Conference realignment finally settles down … hopefully

dshirley@macon.comJuly 1, 2013 

For the past few years, we couldn’t go a day without news about a college program, or several college programs, moving from one conference to another. It was dizzying, confusing and many times annoying.


The moves, it seemed, never would slow down, but hopefully they have for a while. There are still moves pending, but it doesn’t look like there will be sweeping changes … at least for a couple of years before all the silliness probably will begin anew.

With the ACC officially adding three new members Monday, here’s a quick update of just some of the major moves and where we stand for the next year (Note: the SEC, Pac-12 and Big 12 stood pat during this round of realignment, although it’s silly that there are only 10 teams in the Big 12):

ACC: The conference officially added Notre Dame (not football), Pittsburgh and Syracuse on Monday. That brings the conference to 15 members, and for football, Syracuse will land in the Atlantic Division with Pittsburgh in the Coastal Division. Georgia Tech is the only ACC team that will play both the Orange and Panthers this upcoming season. Next summer, Louisville will replace Maryland, which jumps to the Big Ten (yes, it’s still the Big Ten with 14 members; they don’t major in math in that conference), and the Cardinals bring with them a strong athletics department. This year alone, Louisville won a BCS bowl and the men’s national basketball championship while reaching the women’s Final Four and the College World Series. For a conference that reportedly was on death’s door last year with Clemson and Florida State jumping to the Big 12 and Virginia Tech and N.C. State heading to the SEC, the ACC is in surprisingly good shape.

Big East: Remember all the years of debate about if the conference deserved to be at the big boy table of college football? We don’t have to worry about that any more after a split returned this conference to its roots of a basketball-first conference. And what a conference it will be with Butler, Creighton, DePaul, Georgetown, Marquette, Providence, Seton Hall, St. John’s Villanova and Xavier. It immediately becomes one of the best basketball conferences around. But football? Well, it won’t be relevant, not that it was much anyway before.

AAC: Without looking it up, if you know what AAC stands for and what its original members are, you win the big prize. The American Athletic Conference is born from the split with the Big East, and its members this year are Central Florida, Cincinnati, Connecticut, Houston, Louisville, Memphis, Rutgers, SMU, South Florida and Temple. Before it can even get settled in, the new conference will lose Rutgers to the Big Ten and Louisville to the ACC this time next year and will add East Carolina, Tulane and Tulsa. In 2015, Navy jumps aboard … Navy? Aboard? Get it? It’s hard to know what the conference will end up being because even though there are some solid programs in the group, there also are several struggling ones that were lucky to find a home. This conference will need time to come together to form a cohesive unit and an identity.

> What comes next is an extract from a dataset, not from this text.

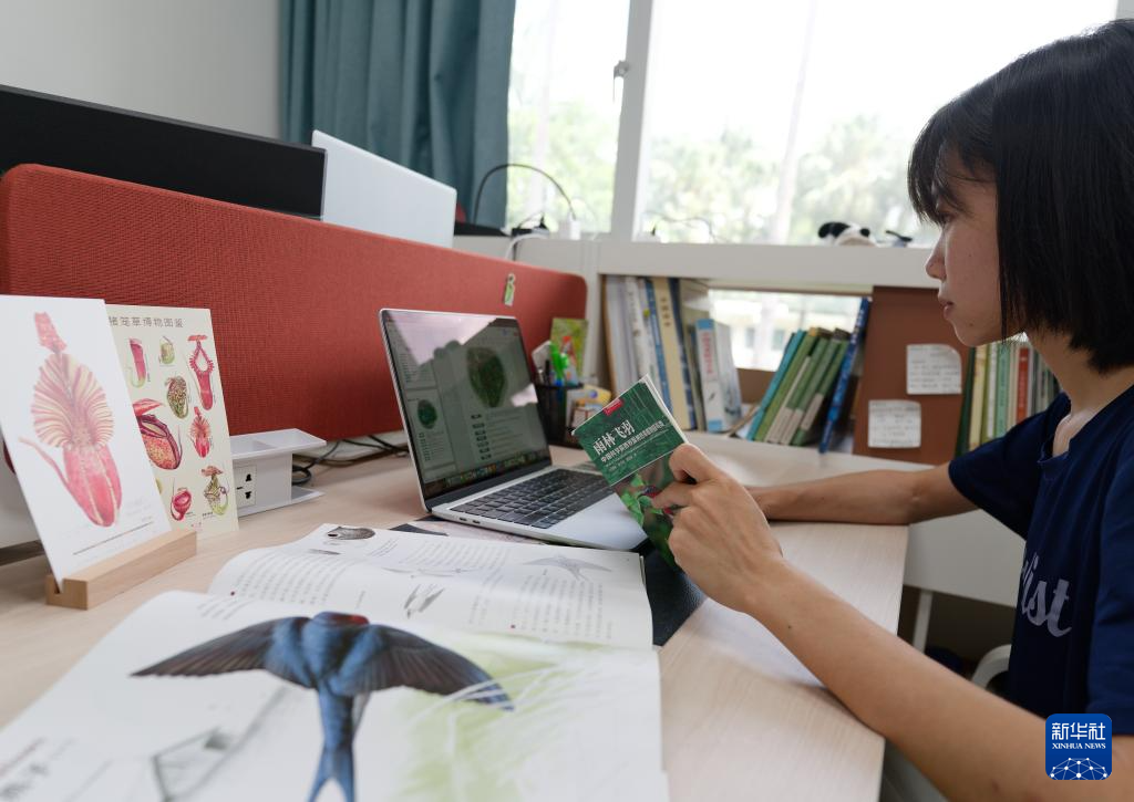 6月15日,工作人員在中國科學院西雙版納熱帶植物園環境教育中心設計鳥類科普課程。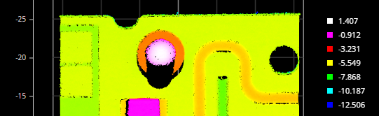 The data viewer displays heightmap information in pseudo-color or grayscale. The height axis (Z) is color-coded in the legend to the right in the data viewer. You can adjust the scaling of the height map using Range and its related settings.

Boise State/BYU: Where did they end up? Well, they didn’t end up where they should have. Just think of these two programs competing (in football at least) with the top programs in the Big 12 (actually giving the conference 12 teams) or maybe the Pac-12 (which would be up to 14, although it likely would actually change its name to match its membership). But Boise State, which was supposed to jump to the Big East before its split, ended up in the Mountain West Conference (another prize if you can name its members), while BYU has chosen independence in football. If those two joined the Big 12 or Pac-12, one of those conferences might be able to give the SEC a run for its money.

Peach State moves: Conference realignment even struck home right here in the Peach State. With teams moving all over the place, the Sun Belt was looking for schools to fill holes. Georgia State, which was previously in the Colonial Athletic Conference, and Georgia Southern, which has competed in FCS, fit the bill and will join the Sun Belt next year. It should be interesting to see the Panthers and Eagles in the same conference since they haven’t played in football and there seems to be some animosity between the two fan bases. Then the realignment hit right here in Macon with Mercer being tabbed to fill the holes the Southern Conference had after it lost Georgia Southern and Appalachian State. Mercer was the final original member of the A-Sun (TAAC at the time), and the Bears’ move to the Southern Conference coincides with an addition of scholarship football. Mercer should fit in well with schools like Furman, Wofford, Samford, The Citadel, ETSU and Chattanooga to form a solid conference … if the conference can avoid losing any more members.

But that’s the unknown moving forward. It looks like things have finally settled down for a bit, but that could all change tomorrow.